Archive for December, 2023

Dec 01 2023

Do We Have Free Will?

Published by under Neuroscience

Let’s dive head first into one of the internet’s most contentious questions – do we have true free will? This comes up not infrequently whenever I write here about neuroscience, most recently when I wrote about hunger circuitry, because the notion of the brain as a physical machine tends to challenge our illusion of complete free will. Debates tend to become heated, because it is truly challenging to wrap our meat brains around such an abstract question.

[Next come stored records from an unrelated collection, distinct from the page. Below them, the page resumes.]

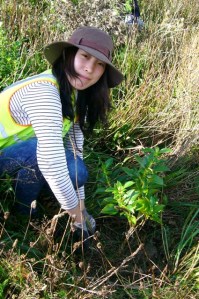 The next task was to help out with rehabilitation of the wetlands.  There are five ponds at CUE Haven and since they are no longer being used as a water source for cattle, they have become stagnant and are filling up with algae and other invasive plants.  In order to rejuvenate the ponds, the volunteers planted Carex and native rushes by the edges to improve the water quality in the ponds.  The ponds are located in the wetlands and this area is quite inaccessible during our normal planting season in winter as the area is under water.  Summer, when the water levels are down, is the perfect time to be able to work around the banks of the ponds. Even so, it was a very messy task, and there is always the risk of a nasty drenching, but the volunteers completed the job with no complaints and nothing worse than muddy boots.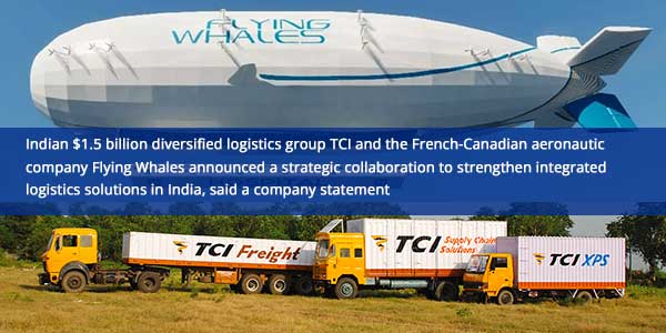 Indian $1.5 billion diversified logistics group TCI and the French-Canadian aeronautic company Flying Whales announced a strategic collaboration to strengthen integrated logistics solutions in India, said a company statement. On the occasion of the official summit between the President of the French Republic, Emmanuel Macron, and Prime Minister Narendra Modi, TCI and Flying Whales signed the MoU in the presence of Mr. Vineet Agarwal, Managing Director, and Mr. Rajkiran Kanagala, Chief Business Officer, Transport Corporation of India and Mr. Sébastien Bougon, President of Flying Whales and President of Flying Whales operation subsidiary. Flying Whales is developing the LCA60T aeronautical program, a rigid cargo airship with a large payload capacity of 60 tons. The LCA60T has the unique ability to load and deliver its cargo in stationary flight. It will decarbonize transportation of goods, including heavy or bulky loads, and explore new and develop existing logistics, infrastructure and supply chain solutions in India, with a specific focus on enabling high-value and mission-critical programs, said the statement.
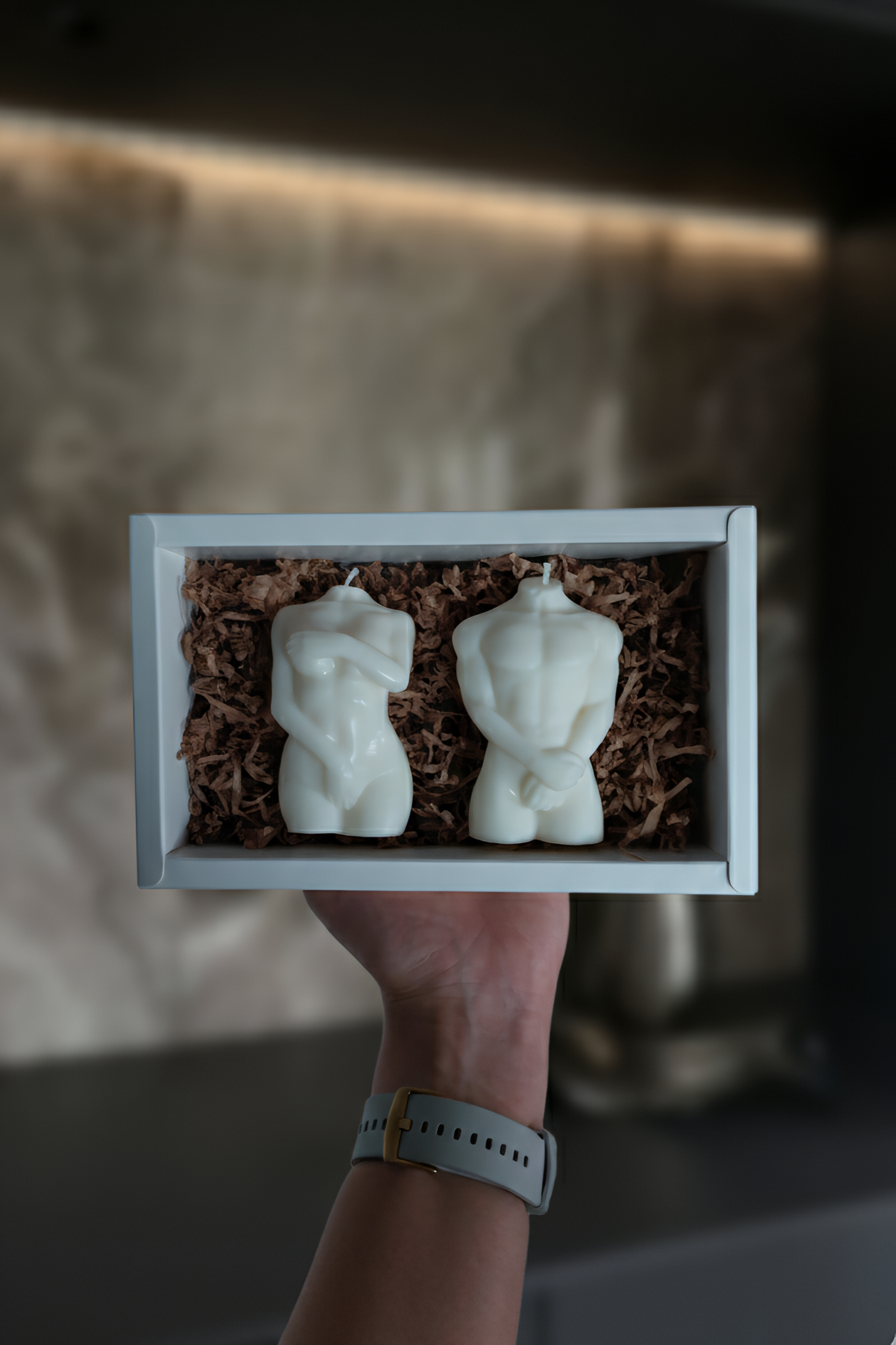 Atraskite estetiką ir harmoniją su mūsų išskirtiniu rankų darbo žvakių rinkiniu. Tai duetas, simbolizuojantis bendrystę, artumą ir žmogaus kūno grožį. Šis rinkinys – tai ne tik šviesos šaltinis, bet ir stilingas interjero akcentas, suteikiantis namams rafinuotumo ir jaukumo.

I always find the discussion to be enlightening, however. In the most recent discussion I detect that some commenters are using the term “free will” differently than others. Precisely (operationally) defining terms is always critical in such discussions, so I wanted to break down what I feel are the three definitions or levels of free will that we are dealing with. It seems to me that there is a superficial level, a neurological level, and a metaphysical level to free will. Language fails us here because we have only one term to refer to these very different things (at least colloquially – philosophers probably have lots of highly precise technical terms).

At the most superficial level we do make decisions, and some people consider this free will. To be clear, I am not aware of any serious thinker or philosopher who holds that we do not make decisions. There is a deeper discussion about the mechanisms of those decisions, but we do make them, we are consciously aware of them, and we can act on them. From this perspective, people are agents, and are accountable to the choices they make.